To ensure accessibility, there is a special section on the Athena Film Festival’s website for films with closed captions available, panels with closed captioning, and pre-recorded Q&As and panels. Attendees, panelists, and filmmakers themselves can continue the conversations on the festival’s Discord channel, where everyone can discuss the movies they have seen and ask questions to generate further conversation. Though the festival cannot be accessed internationally, the virtual format allows anyone in the United States the opportunity to participate in viewings and panels.
In addition to making these narratives more accessible to audiences, the Athena Film Festival took steps to reduce barriers for filmmakers in the submission process. As a result of the pandemic’s damaging financial toll, fee waivers were made extensively available to filmmakers with marginalized identities interested in submitting their work. With this new endeavor came another benefit: including more films in each programming area from younger voices and storytellers.

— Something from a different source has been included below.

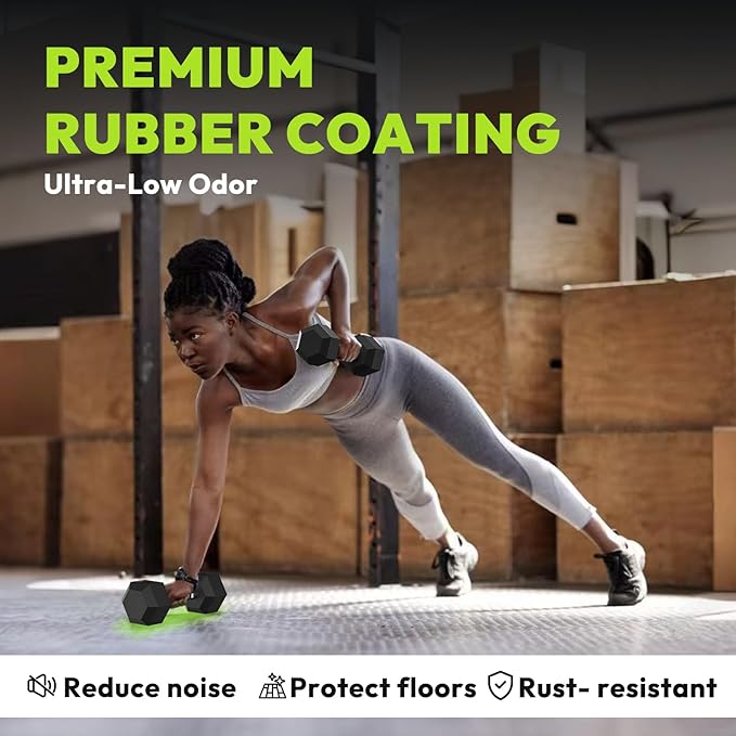 - Hexagonal Design for Stability & Practical Storage: The unique hexagonal shape prevents the dumbbells from rolling, providing a stable base during workouts. This design also makes storage easy and convenient, adding practicality to your fitness routine.

For instance, part of the festival includes a live event with young filmmakers from the Emerging Filmmaker Mentorship Program, a program hosted by the Barnard Sloate Media Center that supports Barnard students in developing and producing their first short films. At this live event, students who had their productions cut short by the onset of COVID-19 will be discussing how their films are still works-in-progress.
These perspectives are also being amplified through one of the festival’s newest program areas called “Discovery,” which features first-time filmmakers from both Barnard and other colleges. In prior years, only about three student short films were shown per festival, but with the new virtual format, the Athena Film Festival can showcase more films from young, diverse voices.
Though the festival will include a variety of new contributors this year, there will be some notable absences. Given the festival’s virtual format, Lesourd mentioned that the festival was unable to bring back staff and volunteers from previous years to help coordinate the festival.
“In terms of the emotional toll, we had to make some hard decisions,” Lesourd said. “We’re used to hiring a fleet of seasonal staff that have been with us for many years, and we didn’t bring them back this year because those positions didn’t exist in the virtual world.”
While the festival’s team is looking forward to inviting those members back one day, in the meantime, this virtual format allows viewers leeway to make the Athena Film Festival their own this year.
“I would say do what you can to try and recreate the festival experience,” Lesourd said. “Grab some popcorn, watch a movie with a friend, and then talk about it. Because I think that’s some of the magic of the festival—it’s being able to have that conversation and digest what you just saw.”
Noah Sheidlower contributed reporting.